Chapter Problem: Drug Testing of Job Applicants
Context: Approximately 85% of US companies test employees/job applicants for drug use.
Accuracy Challenges: Medical tests, including drug tests, can yield wrong results, characterized as:
False Positive: Indicates drug use when there is none.
False Negative: Misses drug use when it is present.
Table Analysis:
Subjects who use drugs:
True Positive: 45 tested positive.
False Negative: 5 tested negative despite drug use.
Subjects who do not use drugs:
False Positive: 25 tested positive despite no drug use.
True Negative: 480 tested negative correctly.
Implications: This table will be referenced frequently in understanding probability concepts.
**Basic Definitions: **
Event: Collection of outcomes of a procedure.
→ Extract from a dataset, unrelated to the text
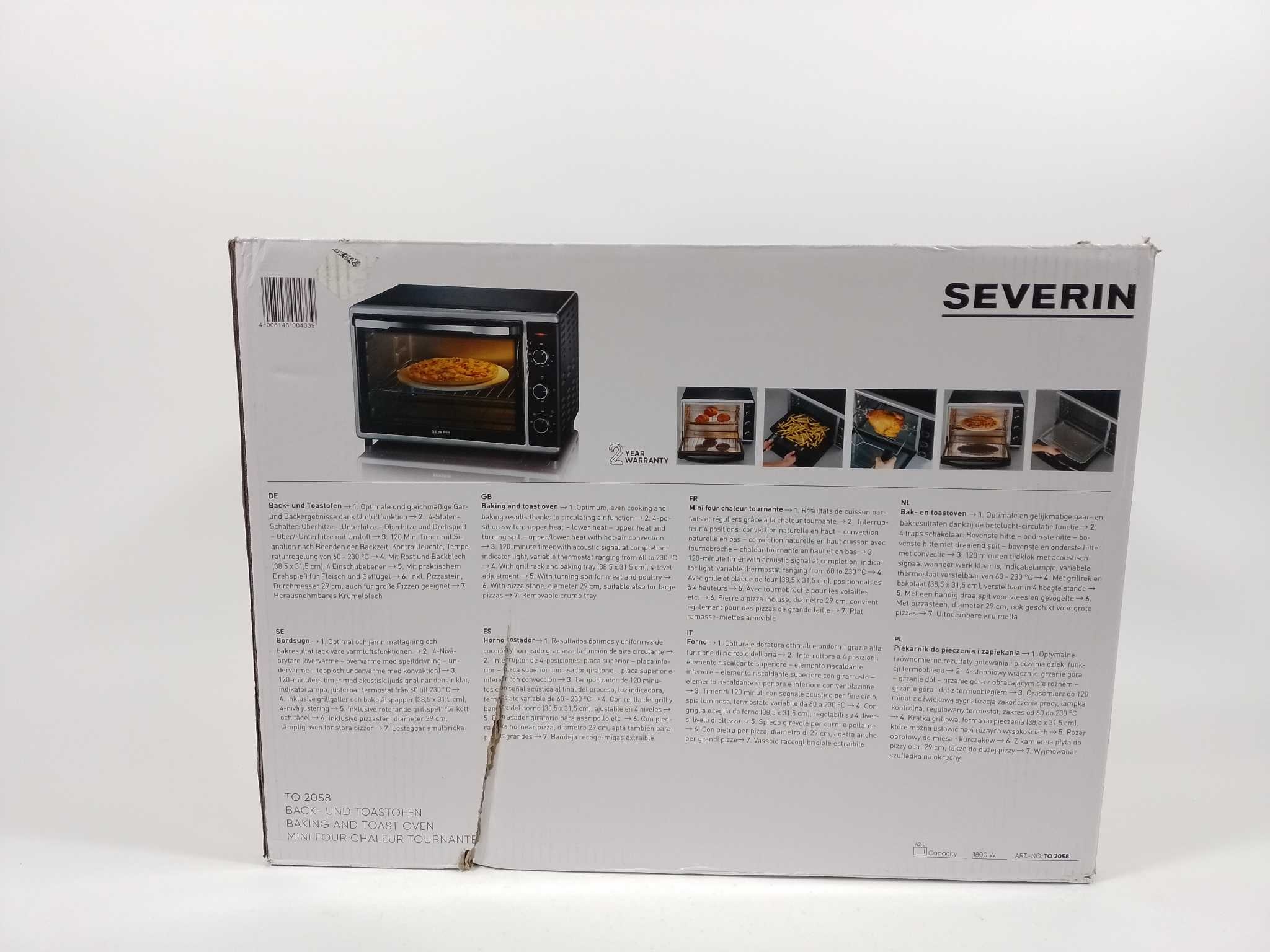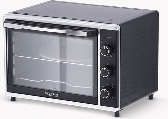 Severin Vrijstaande Oven TO 2058 - Zwart. Bereid pizza, kip en taarten moeiteloos met de Severin TO 2058 heteluchtoven (42 liter). Met 1800 W vermogen, 60–230°C temperatuurregeling, 120-minutentimer en 4 verwarmingsstanden (boven-, onder-, grill, hetelucht) kook je sneller en gelijkmatiger. Compact ontwerp met grote inhoud past in elke keuken. Meegeleverd: pizzasteen (Ø 29 cm), draaispit, grillrooster, bakplaat en handleiding. Ideaal voor krokante pizza, sappige braadgerechten en dagelijks bakken. Eenvoudige draaiknoppen en binnenverlichting zorgen voor gebruiksgemak en controle tijdens het bereiden. Snel opgewarmd en gemakkelijk schoon te maken.

Simple Event: An outcome that cannot be divided further.
Sample Space: All possible simple events.
Single Birth Events: E.g., outcomes can be 'girl' or 'boy.'
Three Births Event: E.g., outcomes can include combinations like 'two boys and one girl.'
Example Calculation for Three Births:
Events like 'two boys and one girl' can occur via:
Boy, Boy, Girl (BBG)
Boy, Girl, Boy (BGB)
Girl, Boy, Boy (GBB)
The event 'two boys and one girl' is not simple since it decomposes into simpler events.
Flipping Two Coins: Mathematically, it is similar to flipping one coin twice.
Sample Space for Two Coins:
HH (Heads, Heads), HT (Heads, Tails), TH (Tails, Heads), TT (Tails, Tails)
Probability Calculation: For example, if calculating the chance of one tail:
Two outcomes yield one tail (HT, TH) out of four total outcomes.
Probability = 2/4 = 0.5.
Relative Frequency Approximation of Probability:
Based on observed outcomes.
Example: Flipping a coin 10 times with results recorded to find empirical probabilities.
Classical Probability:
Based on equally likely outcomes.
Subjective Probability:
Based on personal judgement or opinion, not calculable mathematically.
Three Children Scenario:
What’s the probability of having all three children be the same gender?
Calculation involves counting outcomes in sample space (8 total outcomes) that meet criteria (2 outcomes).
Complement of an Event (A):
Denoted by ( \bar{A} )
Consists of all outcomes where event A does not occur.
Probability of A: ( P(A) )
Complement Rule: ( P(A) + P(\bar{A}) = 1 )
If ( P(A) = 0.75 ) then ( P(\bar{A}) = 0.25 )
Odds Against Winning:
Defined as probability of the complement divided by the probability of the event.
Payout Odds:
The ratio of net profit to amount bet.
Example with roulette wheel: Bet $5 on outcome.
Single slot choice outcome:
Bet on 13 with calculated odds of 1/38, payout odds of 35/1 - shows house edge.
Finding Probabilities:
How to derive answers from the provided testing table.
Important to understand what is being asked and how totals are formed using sample spaces.
Addition Rule for Disjoint Events:
( P(A ∪ B) = P(A) + P(B) - P(A ∩ B) )
If A and B are disjoint: ( P(A ∩ B) = 0 )
Disjoint Events vs. Non-Disjoint Events:
Examples include distinct gender selections being disjoint, while king and red being non-disjoint (they can occur simultaneously).
As probability concepts develop, understanding the application and meaning of each type becomes critical. This foundation will assist as we progress to more complex statistical methods in upcoming chapters.